PROVIDED INFORMATION:
===============

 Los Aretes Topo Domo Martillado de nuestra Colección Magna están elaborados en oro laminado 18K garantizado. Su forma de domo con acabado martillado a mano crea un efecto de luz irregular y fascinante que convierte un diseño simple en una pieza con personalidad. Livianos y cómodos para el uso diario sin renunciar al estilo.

===============

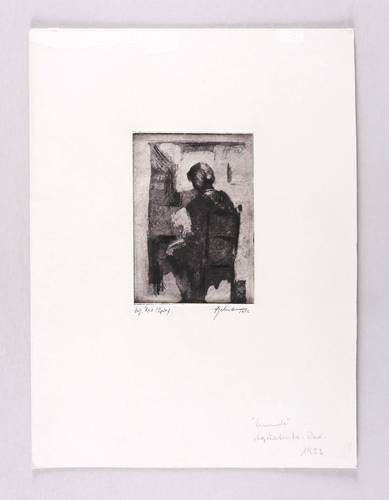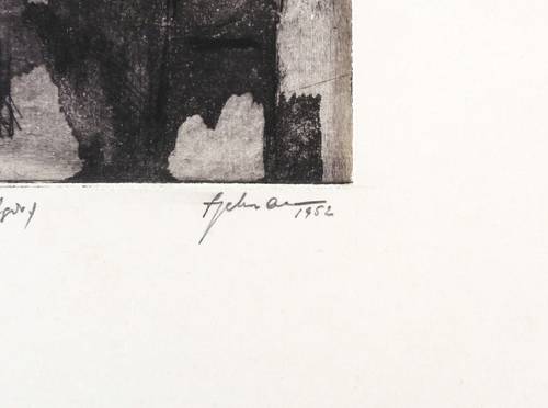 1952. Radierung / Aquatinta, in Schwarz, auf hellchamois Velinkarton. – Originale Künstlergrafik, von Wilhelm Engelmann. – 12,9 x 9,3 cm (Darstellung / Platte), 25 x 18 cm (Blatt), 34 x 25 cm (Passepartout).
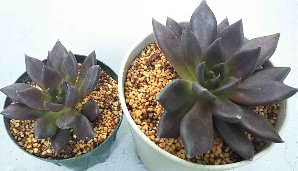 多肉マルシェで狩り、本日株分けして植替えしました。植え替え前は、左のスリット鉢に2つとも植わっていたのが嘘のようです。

===============

WHAT IS REQUIRED: Although pictures appear among the entries, please set down only the lines from the one with "1952. Radierung /" up to and including the one with "多肉マルシェで狩り、本日株分", word for word.

EXERCISE ANSWER:
 1952. Radierung / Aquatinta, in Schwarz, auf hellchamois Velinkarton. – Originale Künstlergrafik, von Wilhelm Engelmann. – 12,9 x 9,3 cm (Darstellung / Platte), 25 x 18 cm (Blatt), 34 x 25 cm (Passepartout).
 多肉マルシェで狩り、本日株分けして植替えしました。植え替え前は、左のスリット鉢に2つとも植わっていたのが嘘のようです。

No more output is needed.